Like any other temporary foreign worker, I wish to stay in Canada permanently and make this beautiful country my home. To achieve this, I have to apply for permanent residence to Citizenship and Immigration Canada. Most immigration programs, such as the Provincial Nominee Class, require proof of English or French language skills so I decided to take the International English Language Testing System (IELTS) exam. The cost of the test is 300 bucks, for crying out loud; that’s definitely a lot of loonies and toonies, eh! That fact is enough to make me want to score high (call me a perfectionist, or a cheapskate, or both). I had 2 months to prepare while I was working full-time, and fortunately, all the hard work paid off (L 8.5, R 9.0, W 7.5, S 7.5, OBS 8.0). Here’s what I suggest to IELTS test takers:
Work on your overall English language skills. Make the most of every opportunity to communicate in English. Be comfortable expressing yourself in the language (speaking and writing), as well as receiving and processing information (listening and reading). Hone your speaking and listening skills by observing and emulating native speakers with different accents, and by getting used to hearing the language via movies and music. When you speak or write, apply the English words and expressions you have encountered. By reading as much as you can, your eyes will get accustomed to seeing printed sentences and paragraphs, you enrich your vocabulary and grammatical range, and you gather valuable ideas about various topics. If you expose yourself to good reading materials, you also learn how excellent writing is accomplished.

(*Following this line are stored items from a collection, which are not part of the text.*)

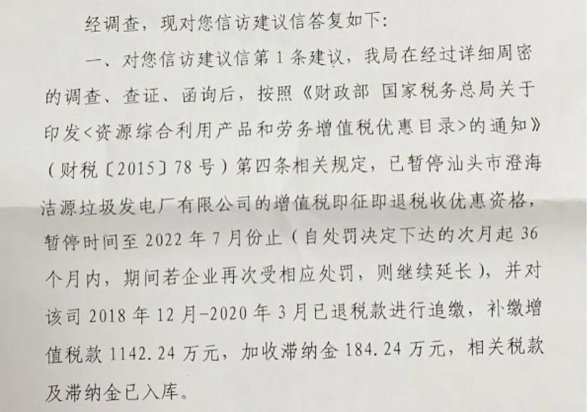 違規(guī)垃圾焚燒企業(yè)不得享受增值稅退稅政策執(zhí)行情況觀察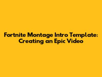 Fortnite Montage Intro: Create An Epic Video!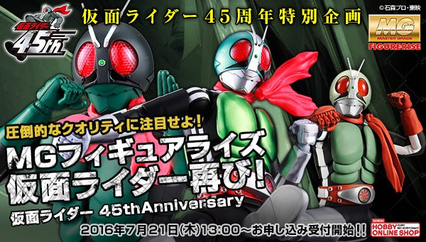 Always for the 45 years of the Kamen Rider franchise, Bandai offers us the reissue of heroes’ models released under the range MG (Master Grade) FIGURE-RISE. Under this range constituted of models of 20 cm height to assemble yourself we have here the reissues of models of Kamen Rider Shin Ichigo (but here for him with a new glossy coating), Kamen Rider Shin Nigo, Kamen Rider Ichigo Sakurajima and Kamen Rider Kyu Ichigo. These reissues of these four MG FIGURE-RISE models will be availables in next October and November.

After sharpening your English language ability, get familiar with the IELTS test format and question types. The exam may be designed to assess your language skills, but it is easy to receive a mark even lower than your actual English level if you do not know what to expect. To achieve a high band score, you have to acquire or approximate the way the test makers think. You cannot afford being unprepared for the test. You must train for it with commitment and perseverance. You need to develop strategies, some sort of game plan. It is a well-crafted advanced exam, which makes it the World Cup of English language proficiency tests.
Take advantage of the technology we have. The Internet helped me tremendously in getting ready for the test. If you have a smartphone, there are many IELTS preparation apps you can install. Numerous websites like www.ielts-blog.com and www.ielts-simon.com provide useful ideas on how to perform well during the exam. I also recommend www.ieltsielts.com and www.ieltsnetwork.com for more inputs. To set myself not only to English mode but also to IELTS mode, I maximized social media. Facebook has pages dedicated to IELTS preparation which you can like. YouTube is a rich source of tips and tricks. I created a playlist of videos I watched again and again to condition myself. The more websites and videos you check out, the better you understand the test and the more confident you will be taking it.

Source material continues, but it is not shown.